:: ASSIGNMENT ::
Copy the lines below exactly, starting at the one with "Fantasy serenade figure" and ending at the one with "①保密格式化(警告:每次加密", and leave out any picture.

:: RECORDS SHOWN ::
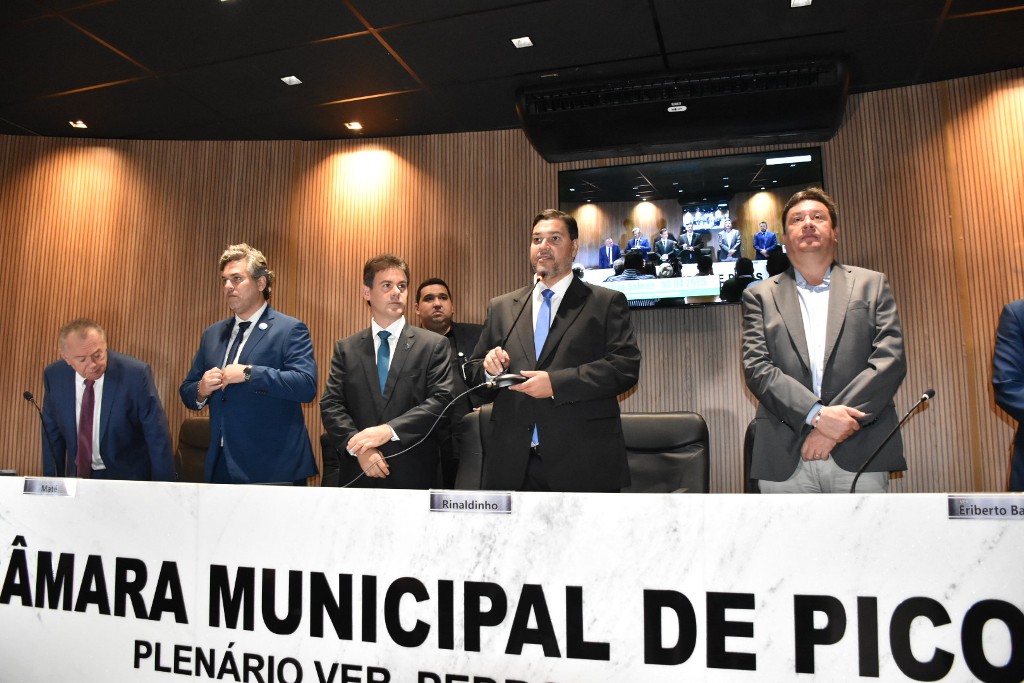 A cerimônia aconteceu no Plenário Pedro Barbosa e foi conduzida pelo presidente da Casa, vereador José Rinaldo Cabral Pereira Filho, o Rinaldinho (MDB), com a presença dos demais parlamentares, autoridades estaduais, ex-prefeitos, lideranças regionais e convidados. A solenidade contou ainda com a execução do Hino Nacional e do Hino de Picos pela Banda de Música Maestro Antônio Lélis, sob regência do maestro Izael Veloso.
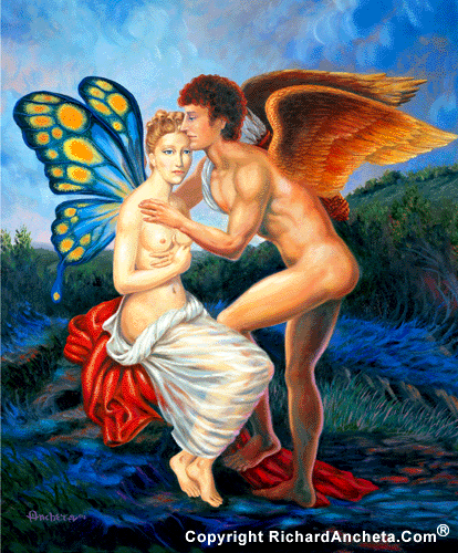 Fantasy serenade figure painting, male with bird wings and lady with the butterfly wings - oil painting by Richard Ancheta.
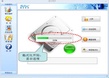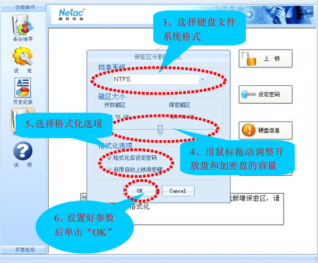 ①保密格式化(警告:每次加密分区前都必须进行格式化,格式化后硬盘内所有资料将被全部删除)
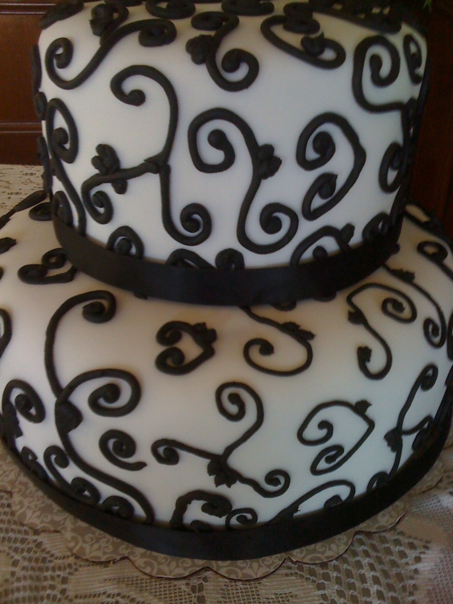 2 tier 9" & 6" chocolate fudge cake with chocolate buttercream covered in fondant. Black scrollwork piped on with colorflow letter atop brushed with silver lusterdust.
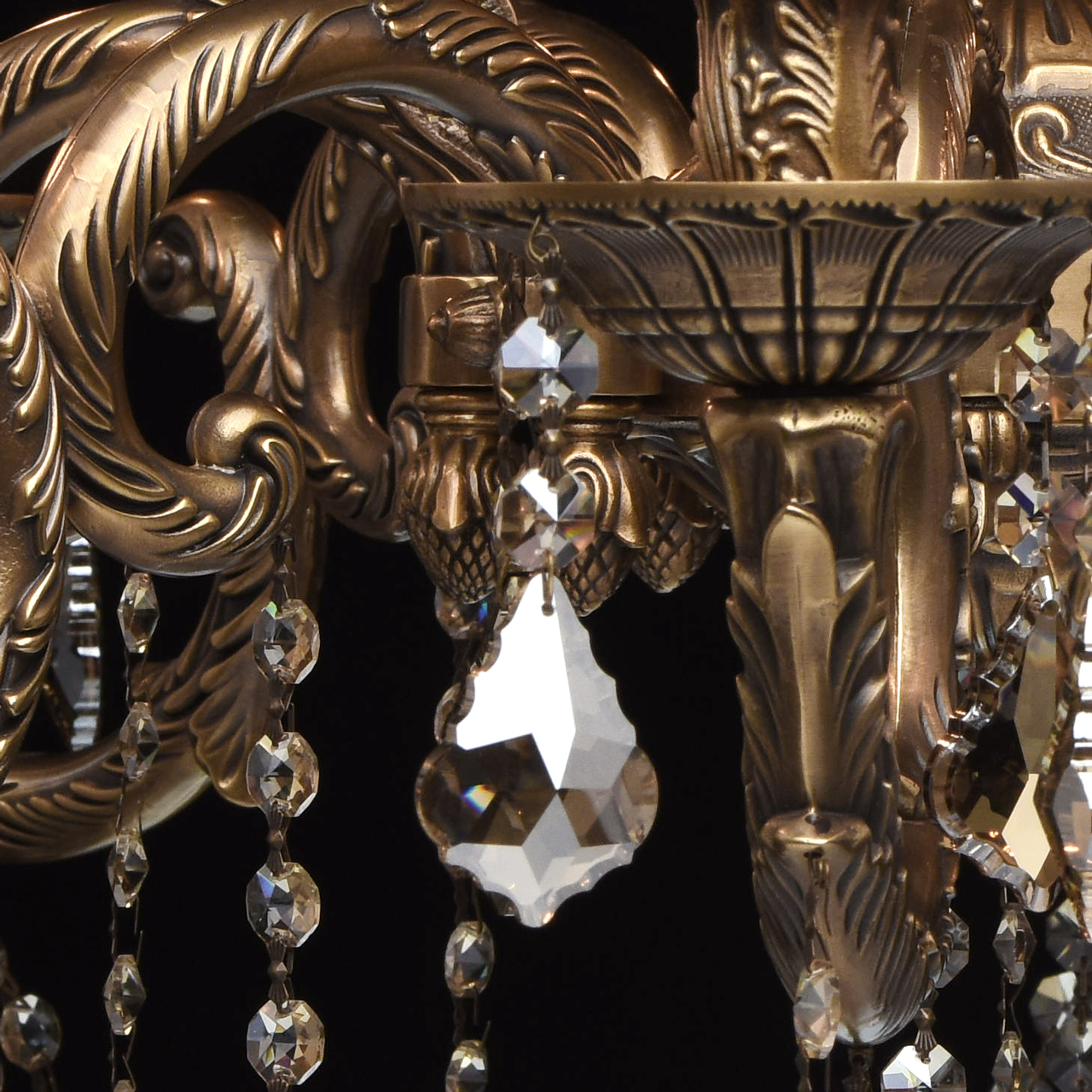 Необыкновенный дизайн, дорогой декор. Очень качественное исполнение – основание светильника выполнено из бронзы, в декоре используется высококачественный хрусталь. Уникальный декор рожков выполнен в виде искусной чеканки. Модель представлены в нескольких вариациях, есть бра – возможно комплексное освещение пространства. Со временем ценность модели будет увеличиваться т.к. при изготовлении используется надежный и долговечный металл - бронза.Стилевые решения интерьера
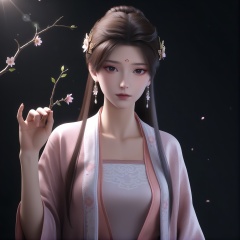 masterpiece,best quality,absurdres,highres,(glamor:1.1),(slender:1.1),skinny,<lora:苏檀儿-ill-000008:0.83>,1girl,solo,flower hair accessory,hair flower,hair ornament,long hair,half-up bun,dark brown hair,jewelry,earrings,forehead mark,brown eyes,pupils,dilated_pupils,brown_pupils,silk robe,pink robe,layered outfit,beizi,ru top,waist sash,pink,collarbone,large breasts,sutaner,looking at viewer,(front view),(ok_sign),BREAK(white_skin:1.1),(fair_skin:1.1),realistic,twig,branch,falling petals,simple background,black background,rim light,Volumetric Lighting,lens flare,Tyndall effect,depth of field,bokeh,sparkle,
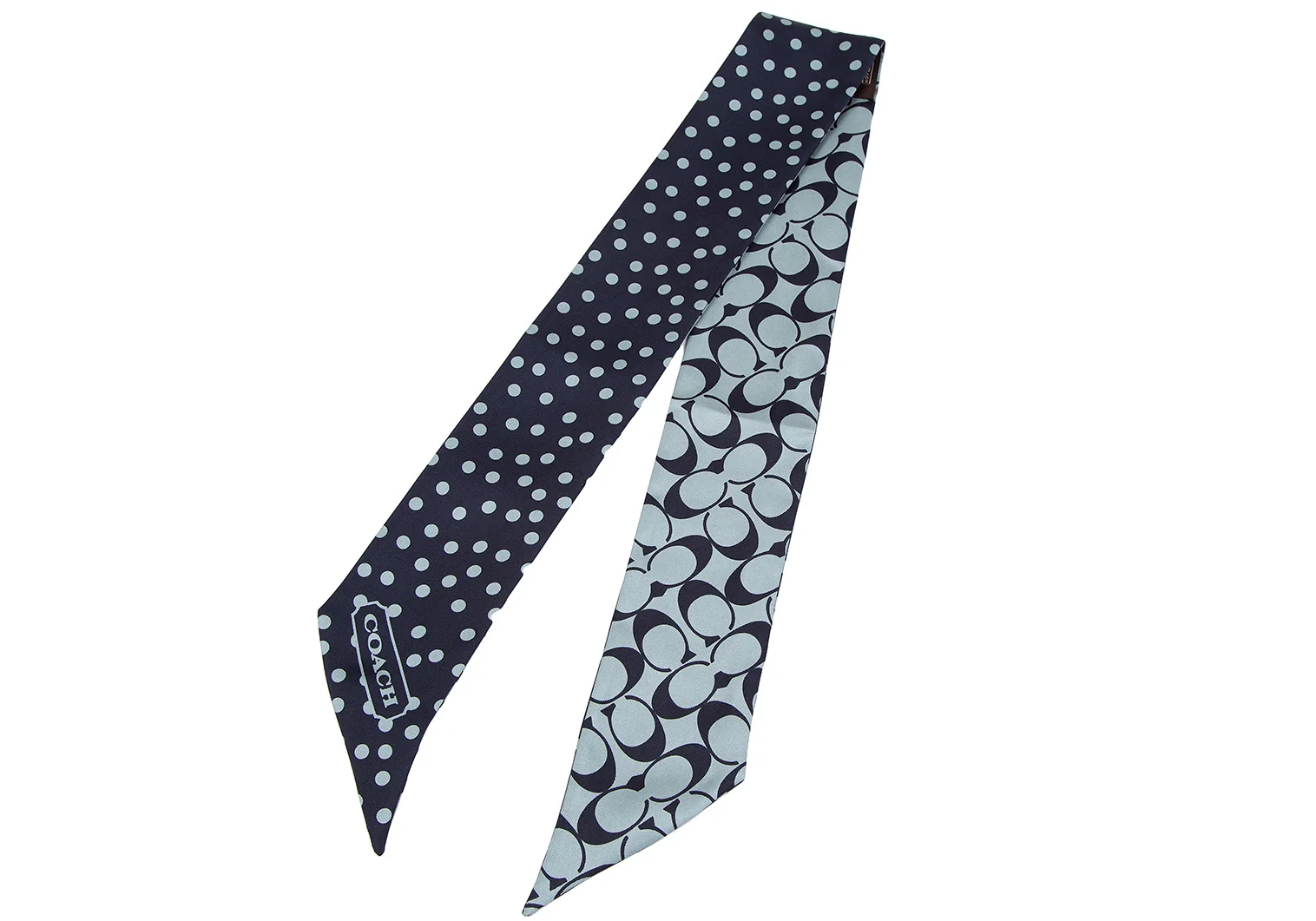 コーチCOACH シグニチャードットシルクスカーフ 紺
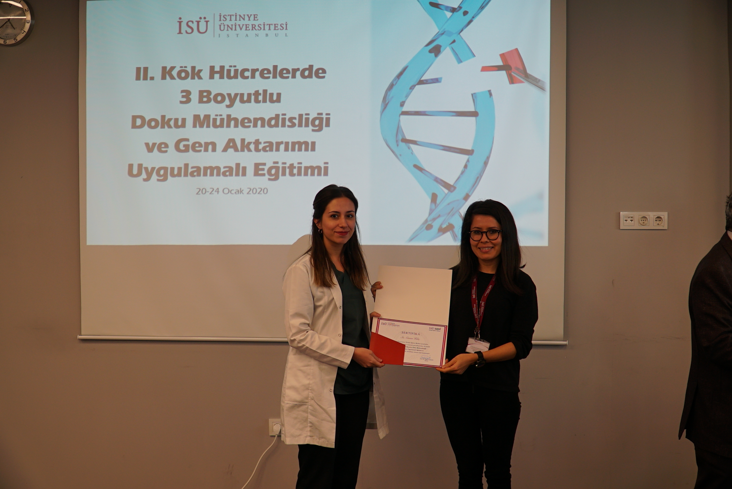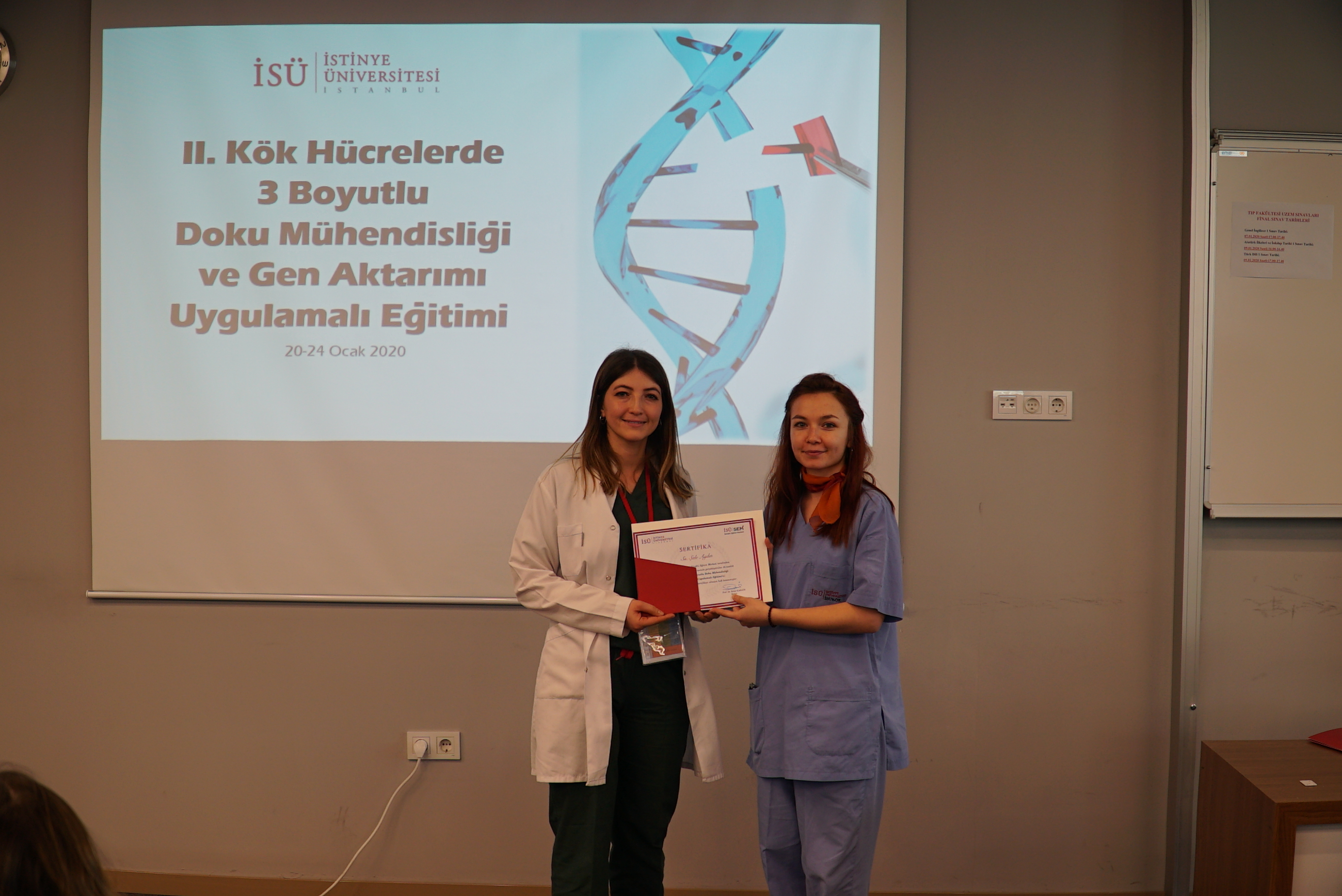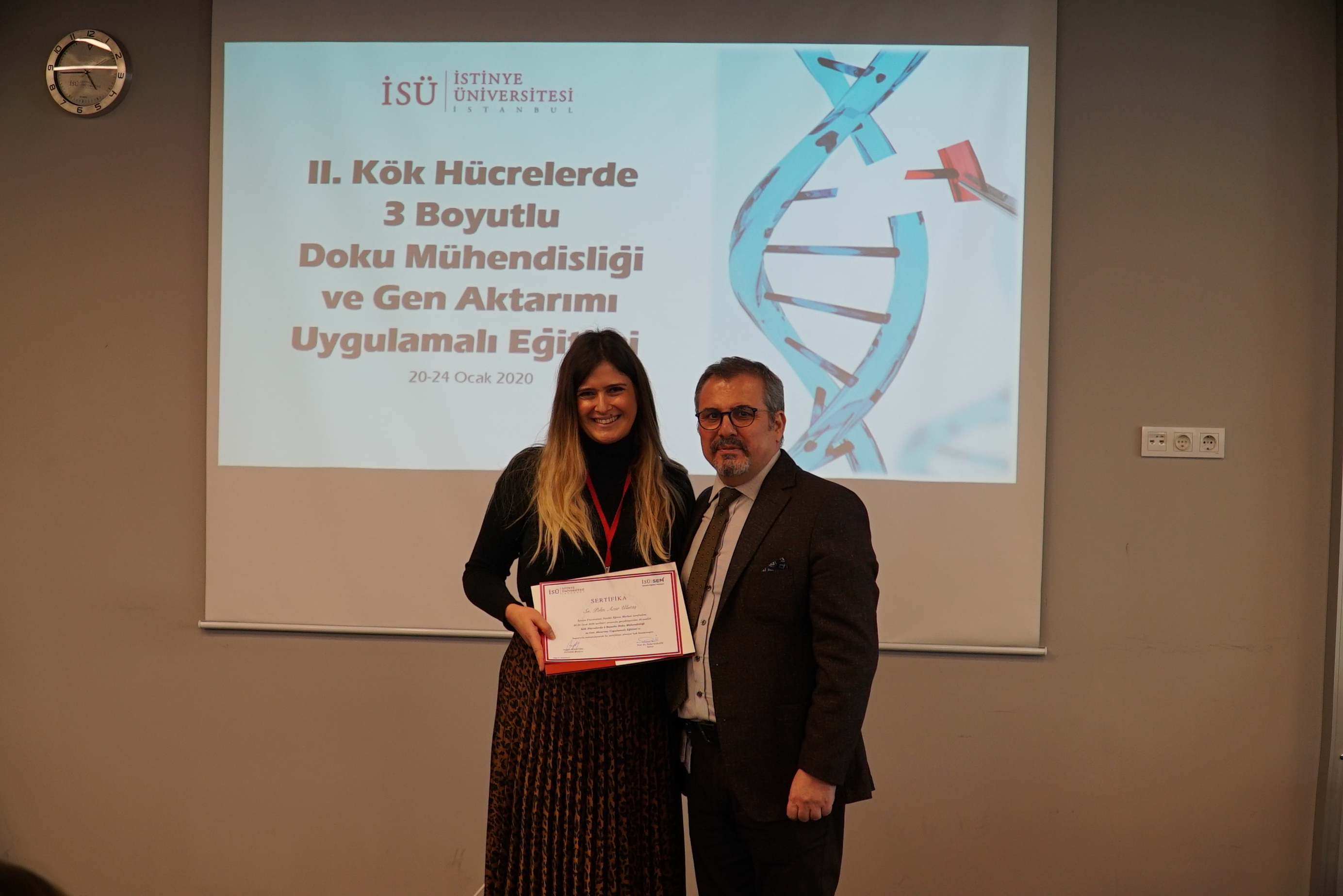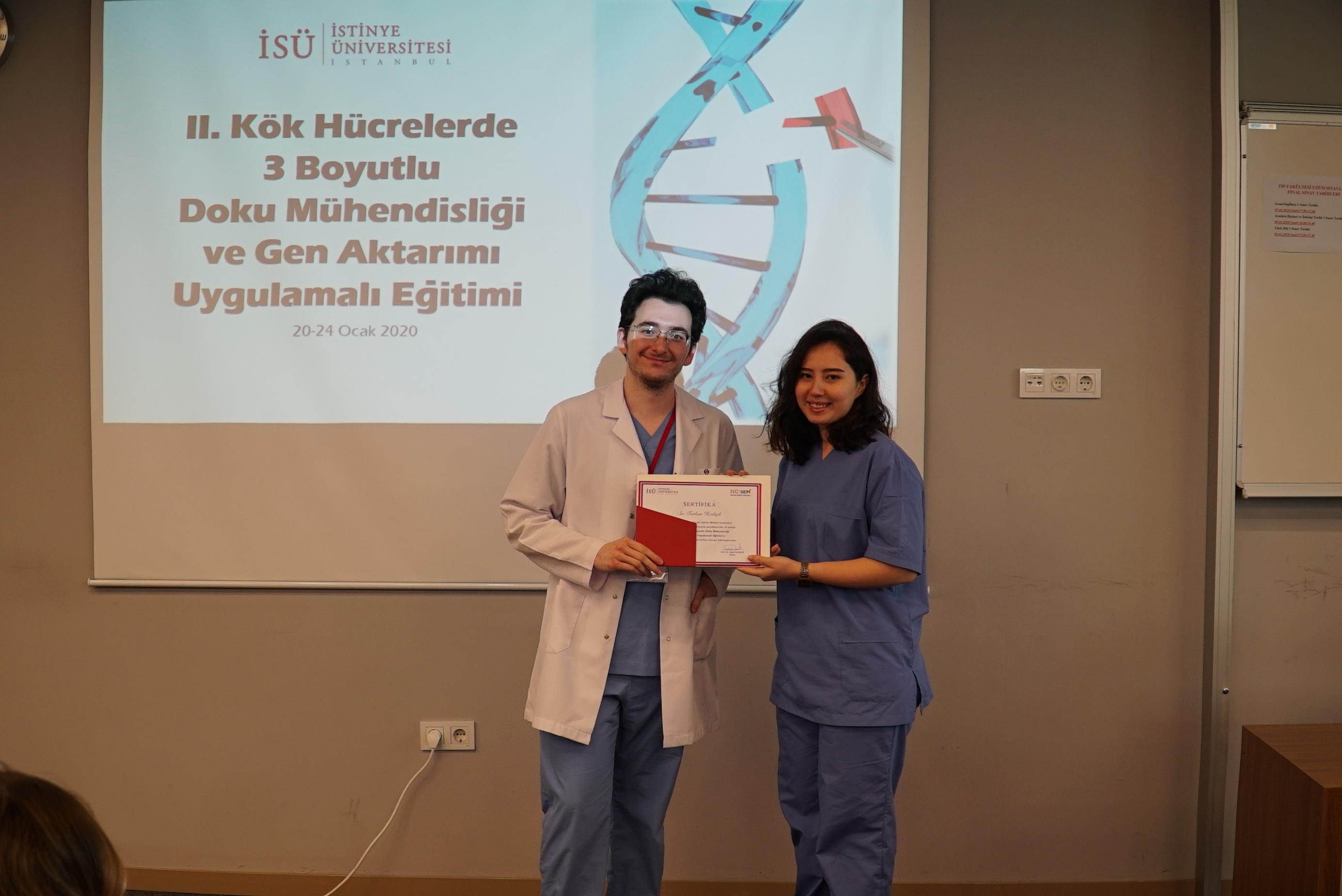 20 Ocak 2020 tarihinde başlayan ve 5 gün 40 saat süren ‘’Kök Hücrelerde 3 Boyutlu Doku Mühendisliği ve Gen Aktarımı Uygulamalı Eğitimi’’ sertifika töreni ile sona erdi.

:: FINAL ANSWER ::
 Fantasy serenade figure painting, male with bird wings and lady with the butterfly wings - oil painting by Richard Ancheta.
 ①保密格式化(警告:每次加密分区前都必须进行格式化,格式化后硬盘内所有资料将被全部删除)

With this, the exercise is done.